The Parish ale or church ale is a party or festivity in an English parish at which ale is the chief drink. It is typically a fundraising occasion for the parish that might include music and dancing. Very common in the later Middle Ages, parish ales encountered some opposition after the English Reformation, and some have survived into modern times in some form.

==Types==
The word "ale", in the sense of an ale-drinking party, was part of many compound terms for types of party or festivity based on the consumption of ale or beer. Thus there was the leet-ale (held on "leet", the manorial court day); the lamb-ale (held at lamb-shearing); the Whitsun-ale (held at Whitsun), the clerk-ale, the church-ale etc. The word "bridal" originally derives from bride-ale, the wedding feast organised to raise money for the couple. The bid-ale, once very common throughout England, was a benefit feast to which a general invitation was given, and all those attending were expected to make some contribution to help the object of the benefit, usually a poor person or family or some other charitable cause. Morris dancing used to be common entertainment at parish ales, and some groups of Morris dancers still hold an annual feast, called a Morris Ale.

==Significance==
These parish festivals were of much ecclesiastical and social importance in medieval England. The chief purpose of the church-ale (which was originally instituted to honour the church saint) and the clerk-ale, was to facilitate the collection of parish dues and to make a profit for the church from the sale of ale by the church wardens. These profits kept the parish church in repair, or were distributed as alms to the poor.

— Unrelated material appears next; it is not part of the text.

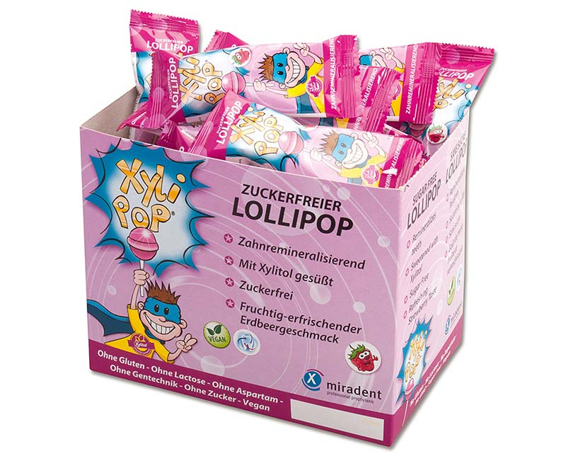 miradent XyliPOP - новый леденец на палочке со вкусом клубники, способный развеять многолетнее убеждение! Теперь можно наслаждаться сладостью не только для удовольствия, но и для укрепления зубов.

The churches must owe, as we all do know,
For when they be drooping and ready to fall,
By a Whitsun or Church-ale up again they shall go
And owe their repairing to a pot of good ale
— "Exaltation of Ale", by Francis Beaumont

In the gallery of the tower arch of St Agnes, Cawston in Norfolk is inscribed:

God speed the plough
And give us good ale enow ...
Be merry and glade,
With good ale was this work made.

On the beam of a screen in the church of Thorpe-le-Soken, Essex, is the following inscription in raised blackletter on a scroll held by two angels: "This cost is the bachelers made by ales thesn be ther med." The date is about 1480.

==Description==
The feast was usually held in a barn near the church or in the churchyard. In Tudor times church-ales were held on Sundays; gradually the parish-ales were limited to the Whitsun season, and these still have local survivals. The colleges of the universities used to brew their own ales and hold festivals known as college-ales; some of these ales are still brewed and famous, like "chancellor" at Queen's College, and "archdeacon" at Merton College, Oxford, and "audit ale" at Trinity, Cambridge.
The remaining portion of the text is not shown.